Gene flow is central to population genetics because the rate of gene flow into a local population contributes to population success or failure, in concert with local selection (Holt and Gomulkiewicz 1997). The converse of gene flow is genetic isolation, and Isolation By Distance (IBD; Wright 1943) analysis has long been the standard approach to express genetic differentiation as a function of distance. Euclidean distance has been used because IBD is based on the island and stepping-stone models of population genetic structure (Wright 1943, Kimura and Weiss 1964), and distance serves as a simple, estimable proxy for the myriad factors that isolate populations. Given this rich history, much has been theorized and advanced through the years regarding IBD (Slatkin 1993, Rousset 1997, Bossart and Prowell 1998, Bohonak 1999).
Throughout its history, IBD estimation evolved to include more sophisticated calculations of genetic structure (Jensen et al. 2005) that kept pace with advances in statistical methods, increasing computer power and rapidly advancing molecular methods. However, the distance component of IBD estimation continues to be based on straight-line Euclidean distance among populations. With the development of landscape ecology came more advanced approaches to represent landscape complexity (Turner and Gardner 1991). The new discipline of landscape genetics (Manel et al. 2003) fuses landscape ecology with population genetics to incorporate geographic information far more sophisticated than Euclidean distance to explain genetic structure (Guillot et al. 2005, Spear et al. 2005, Holderegger and Wagner 2006, Storfer et al. 2007). Landscape genetics was recently defined as “research that explicitly quantifies the effects of landscape composition, configuration and matrix quality on gene flow and spatial genetic variation” (Storfer et al. 2007) and is likely to become more commonly used to analyze genetic structure. Here we treat this approach as being relevant to metapopulation genetics (Olivieri et al. 1995, Hanski and Gaggiotti 2004), given the original definition of a metapopulation as a “population of populations” (Hanski and Simberloff 1997).
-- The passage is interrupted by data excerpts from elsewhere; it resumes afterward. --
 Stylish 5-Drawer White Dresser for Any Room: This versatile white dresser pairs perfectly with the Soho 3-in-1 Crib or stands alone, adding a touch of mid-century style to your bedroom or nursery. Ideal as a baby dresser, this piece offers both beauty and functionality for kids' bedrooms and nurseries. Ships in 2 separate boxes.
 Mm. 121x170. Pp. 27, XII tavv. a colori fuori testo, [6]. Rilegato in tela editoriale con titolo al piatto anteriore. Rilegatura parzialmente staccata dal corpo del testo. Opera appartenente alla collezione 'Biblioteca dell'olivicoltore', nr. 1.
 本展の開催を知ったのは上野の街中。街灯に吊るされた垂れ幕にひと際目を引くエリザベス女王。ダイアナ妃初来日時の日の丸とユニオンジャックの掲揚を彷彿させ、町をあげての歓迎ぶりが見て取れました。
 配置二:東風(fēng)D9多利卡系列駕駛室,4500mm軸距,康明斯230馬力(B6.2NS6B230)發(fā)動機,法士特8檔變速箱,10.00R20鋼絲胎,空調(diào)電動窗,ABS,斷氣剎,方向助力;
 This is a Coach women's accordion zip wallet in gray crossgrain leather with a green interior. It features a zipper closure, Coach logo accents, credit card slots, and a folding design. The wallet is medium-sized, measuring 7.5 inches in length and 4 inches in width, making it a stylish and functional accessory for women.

What value then remains for IBD analyses? In one possible view, IBD may be considered as a 20th century paradigm, to be fully replaced by 21st century landscape genetics. In that case, IBD would soon be relegated to historical interest only and omitted from future analyses. Alternatively, IBD may continue to be useful as the simplest baseline method for relative evaluation of more sophisticated and difficult analyses. For example, multi-model inference (Burnham and Anderson 2002) can be used to identify population genetic models that most efficiently capture the most information, relative to other models. In that context, IBD may remain useful as the most simple model for relative comparisons among landscape genetics models. We note that IBD is not a null model, but instead predicts genetic differentiation as a function of distance; a null model invokes no such mechanism and is typically based on randomization (Gotelli and Graves 1996).
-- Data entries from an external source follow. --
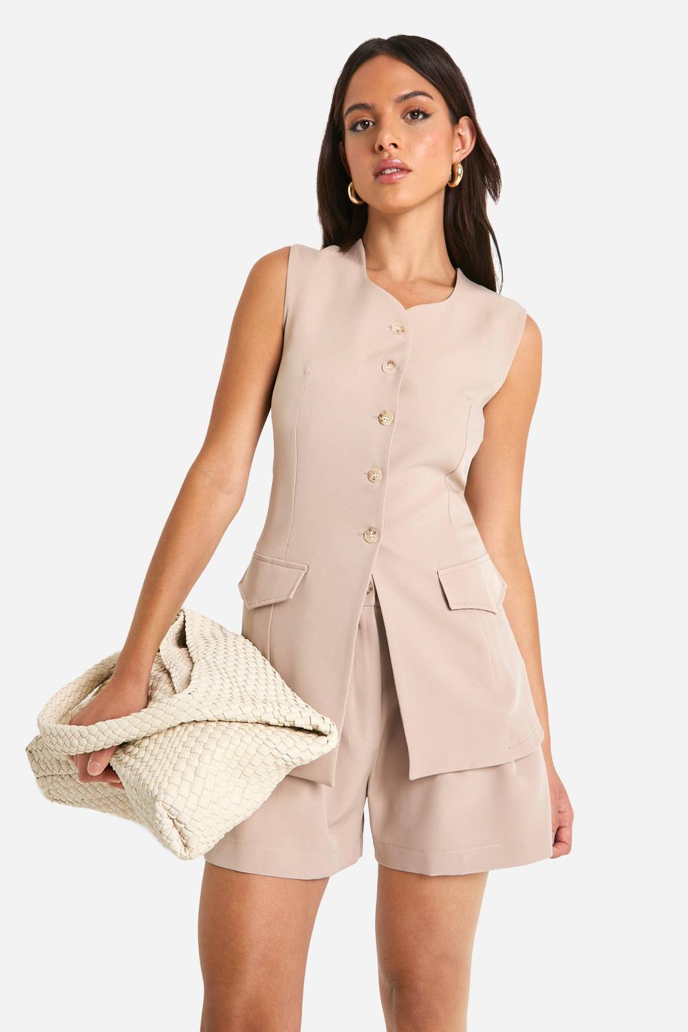 Ontworpen met hoge taille voor een flatterend silhouet Dubbele plooien voegen een verfijnde structuur toe Geweven crepe stof geeft een verzorgde uitstraling Drukknoopsluiting aan de voorkant voor een op maat gemaakte look Veelzijdige korte broeken, geschikt voor diverse informele gelegenheden Deze hoge taille korte broeken met dubbele plooien zijn een onmisbare aanvulling op je garderobe. De geweven crepe stof geeft een verfijnde touch, waardoor ze perfect zijn voor informele evenementen die een beetje elegantie vereisen. Style ze met een mouwloos overhemdje met knopen voor een gecoordineerde look, of combineer met een simpel T-shirt voor een meer ontspannen sfeer. Het veelzijdige ontwerp maakt een gemakkelijke overgang van dag naar nacht mogelijk – ruil je sneakers in voor bandelige sandalen en voeg opvallende oorbellen toe voor een avondborrel. Deze korte broeken zijn ideaal voor familiebijeenkomsten, brunchdates of casual vrijdag op kantoor. De hoge taille en geplooide voorkant creeren een flatterend silhouet dat zowel comfortabel als chic is. Omarm de trends van het seizoen door ze te combineren met een cropped cardigan en chunky sandalen voor een moeiteloos stijlvolle ensemble. boohoo Dames Double Plooi Hoge Taille Op Maat Gemaakte Korte Broek | Mocha | Maat: 34
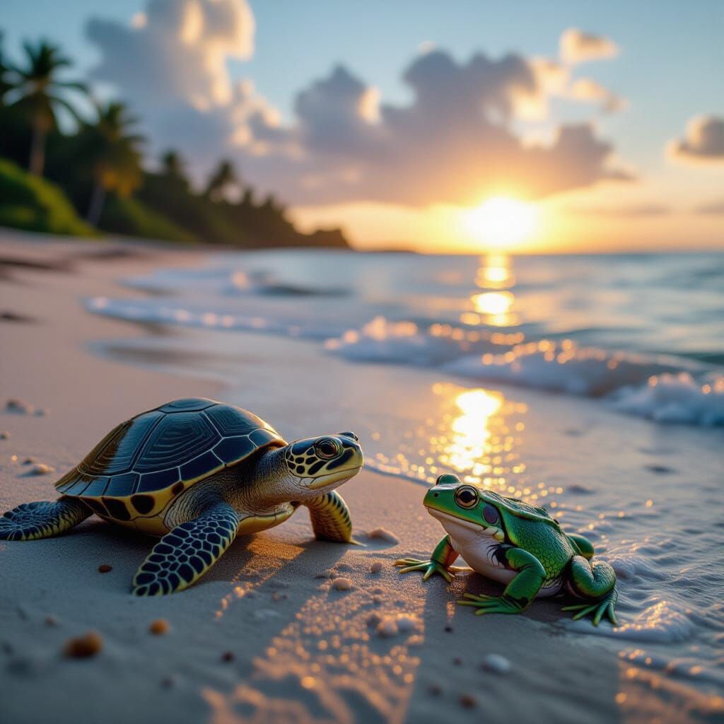 Generate your own cinematic film stills of turtles and frogs by the ocean. Free, easy, and fun!
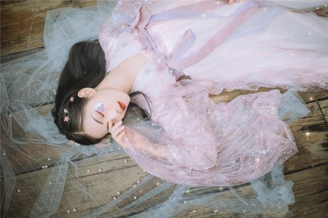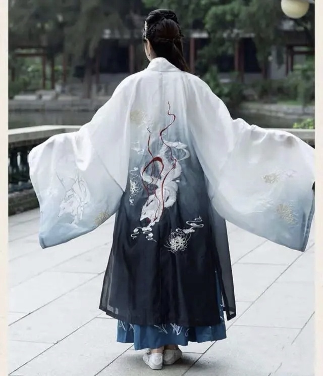 此款漢服面料是用輕柔的紗網,輕微的漸變色渲染加耀眼的亮片繡,微風吹來,
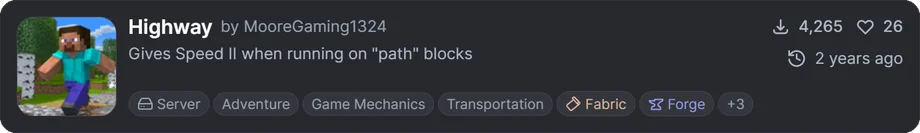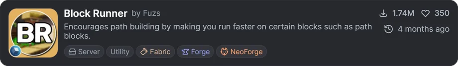 このMODは特定のブロック歩行・走行時の速度自体を上げてくれます。

Interestingly, we found no synoptic evaluation of empirical IBD analyses in the literature that may help clarify its role in an era of landscape genetics. The purpose of this meta-analysis was to evaluate the published evidence for IBD among diverse organisms to answer three questions: 1) are IBD results sensitive to study methods (genetic markers, genetic distance estimators, number of populations)? If so, results must be interpreted appropriately, and IBD analyses may have limited application. If not, IBD may be generally applicable. 2) What patterns emerge in IBD within and among diverse groups of organisms? Some taxonomic groups may be expected to have more significant and clear IBD patterns than other taxa. We do not explore detailed phylogenetic patterns here, but first compare coarse taxonomic groups. We also compared ectothermic vs endothermic animals and organisms grouped by different dispersal modes. 3) Given the above, what role might IBD analyses fill amidst landscape genetic approaches? Questions 1 and 2 were answered by statistical analyses of collected data; question 3 was answered by consideration of answers to questions 1 and 2 and properties of collected IBD studies.
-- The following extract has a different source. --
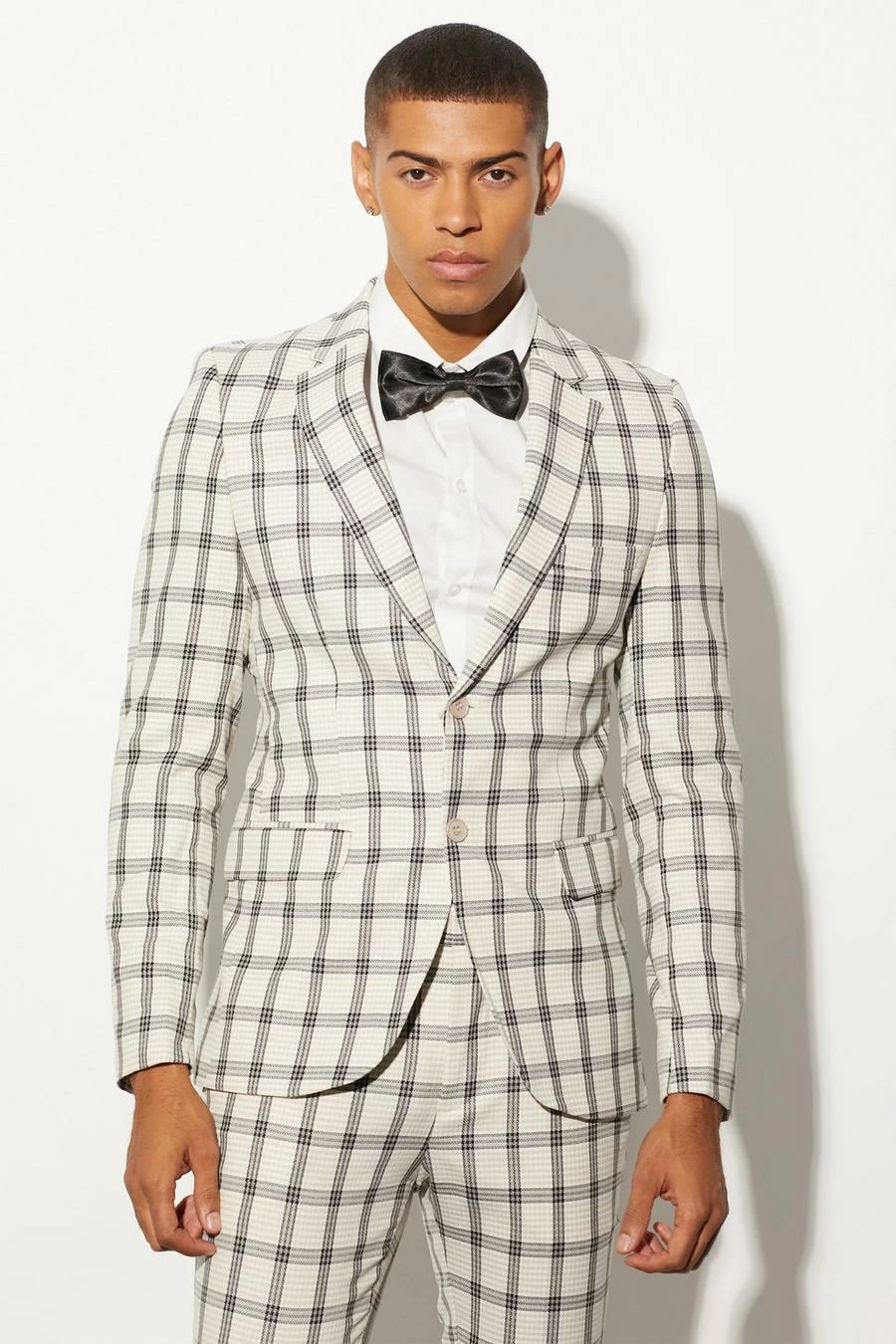 ECRU SUPER SKINNY CHECK SUIT JACKET AND TROUSERS Ecru

We collected articles during 2008 from the peer reviewed scientific literature that contained genetic distances among populations and geographic distances or location data for those populations. We make no claims that this sample of the IBD literature adequately represents any given taxon or geographic region. Instead, we consider our collection a substantial sample that should represent general patterns.
The population genetics literature is diverse in methods and data reporting customs. No standard approach exists for reporting genetic and geographic distances, so we had to make decisions when processing data. Numerous papers provided only geographic coordinates or maps, which we converted to Euclidean distances among populations using great circle calculations to accurately represent distances on a spherical Earth. Some studies reported statistical outcomes (e.g. Mantel tests) but did not provide genetic or geographic distance data – in those cases we analyzed Mantel test outcomes only but could not compute IBD further.
Genetic distances were reported in the literature as a variety of markers and statistics, though many report pairwise FST values among populations. For those data sets, we calculated genetic distance as [FST/(1−FST)] (Rousset 1997) to standardize values among studies. Because RST, ΦST, and θST are analogues of FST (Halliburton 2004), we calculated equivalent formulae for those genetic distance estimators. We also analyzed data sets reported using Nei's genetic distance (D) data, but without recalculation as above.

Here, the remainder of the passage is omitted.